For art this year we’ve been working our way through The Lamb’s Book of Art 1. It was a very generous gift from Marsha from her homeschooling hand-me-downs. I’m more than grateful. I’ve taken the black and white pages of the book, run copies for my kiddos, put them in a folder and taught a lesson a day. For the most part, the kids love it. Sometimes, the lessons are a little difficult, but mostly they can do them with ease. I love this curriculum because it covers the fundamentals of art in small easy steps, incorporates the masters and encourages studying them further, and is biblically based. Here’s the author’s philosophy from his official site.
In that art curriculum we had been studying color, painting techniques, and Impressionism. We noticed that our local Arts Center had a temporary exhibit of the Impressionists and I got super excited! Until I saw the prices ($10 per adult, $6 per child over 5 years old). But I was still determined to find a way to take the kids. I really, really wanted them to see a Monet and Degas in real life and to discuss all those neat things we had just been learning. Then I recently ran into another homeschooling friend who mentioned theArkansas Arts Center has a 2 for the price of 1 deal on the third Thursday of each month. Yay! That lessened the steep cost for us and we made plans!

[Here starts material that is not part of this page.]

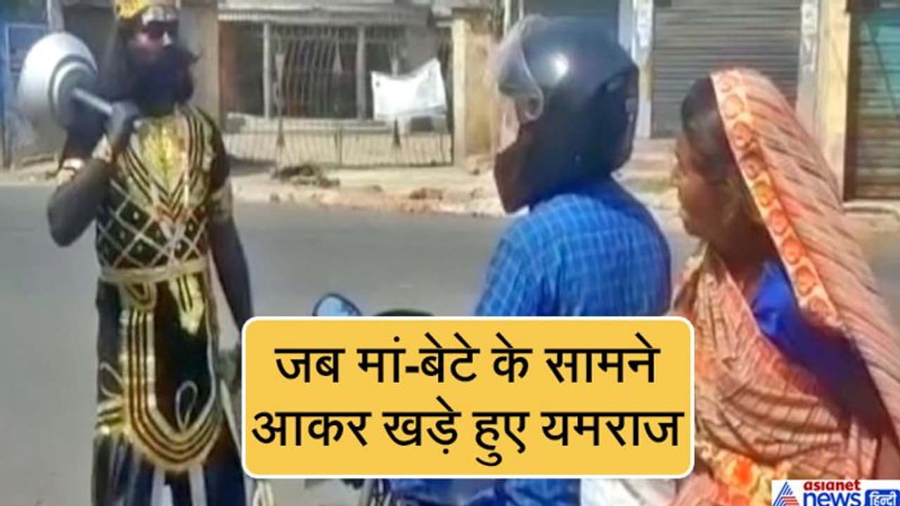 यहां थाने के ड्राइवरों को कोरोना यमराज बनाया गया है। एक बेटा बाइक पर बैठाकर अपनी मां को ले जा रहा था। अचानक यमराज सामने आ गया। यह देखकर मां-बेटे घबरा गए। जब उन्हें बताया गया कि कोरोना संक्रमण से बचना है, तो मास्क पहनें..घर से न निकलें, तो उन्हें अपनी गलती समझ में आई।

It was a beautiful day and while we were gathering our crew we snapped a few pics. I asked The Oldest to take some pictures of Matt and me since we don’t have very many of us. I’m so glad he did. And didn’t he do a marvelous job?!
I must tell you the reality is that Matt was trying to lick my face for all the shots leading up to this so I was pulling away from him and laughing hysterically. And since one of my sweet friends mentioned that I looked all put together (Hi Christie!) I feel the need to also tell you the necklace is my 3 year old mall buy for 7 bucks and that I was wearing men’s too large gym socks with men’s brown dress socks over them because my only “town shoes” are too big and I don’t own any girl socks. Put together, I am not. Looks are deceiving.
Then we made our way into the exhibit and were glared at unapprovingly by the curators and museum techs. For good reason, it turns out. We were giving the kids instruction on not getting too close to the art, not being too loud, all while trying to contain the Toddler/Baby who was wiggling and fussing, attempting to teach the olders about what we had been learning, and keeping the 4 year old entertained. You know, while smiling, taking pictures, and trying to enjoy it ourselves.
And then it quickly unraveled. The 19 month old Baby went from irritated to wailing, the 6 year old girl was overcome with awe and TOUCHED the more than 100 year old art then when corrected melted, cried, and pouted, and 4 year old BigMan started running around the museum. Within minutes of this scene, the museum techs saw that Matt was taking pictures and confronted him, even asking him how many pictures he had already taken. Embarrassing. In our defense, in Chicago when Matt was visiting the Art museum there he was completely allowed to photograph the art so long as he didn’t use a flash. We wrongly assumed the same there. For the record, don’t take pictures there.
But I was determined to make it through the exhibit. Because I wanted dearly to see the masters’ works. And I knew the kids would take away something from it. And because I’ve quit expecting perfection, life is going to happen in the midst of littles being, well, littles. And the rest of the world would do well to learn a little tolerance and acceptance. Plus I had paid a good half price to be there alongside the public high schoolers who were oblivious to the awesome works they were standing in front of. At least my hooligans were under the age of 10. So, there, take that stuffy stuck up art center goers. Oh, I kid. :) Kind of.
The whole art-viewing experience was less than 40 minutes I’m sure, but I tell you all this to say – we take field trips. We expose our kids to culture. We don’t leave some of the kids home, we just don’t most of the time. We go, we lower our expectations, and we laugh (a lot). We aren’t waiting for the right time. This isthe right time. The 2 oldest boys were picking out the art with mostly “cool colors”, finding the art with bold short strokes, talking about how the artist had used complementary colors here and there, looking at how the art was an “impression” of women standing off in the distance, seeing what the masters’ “still lifes” looked like. And excitedly telling us which ones were their favorites.
For all the outward appearances of failures, the art center experience was an outstanding success!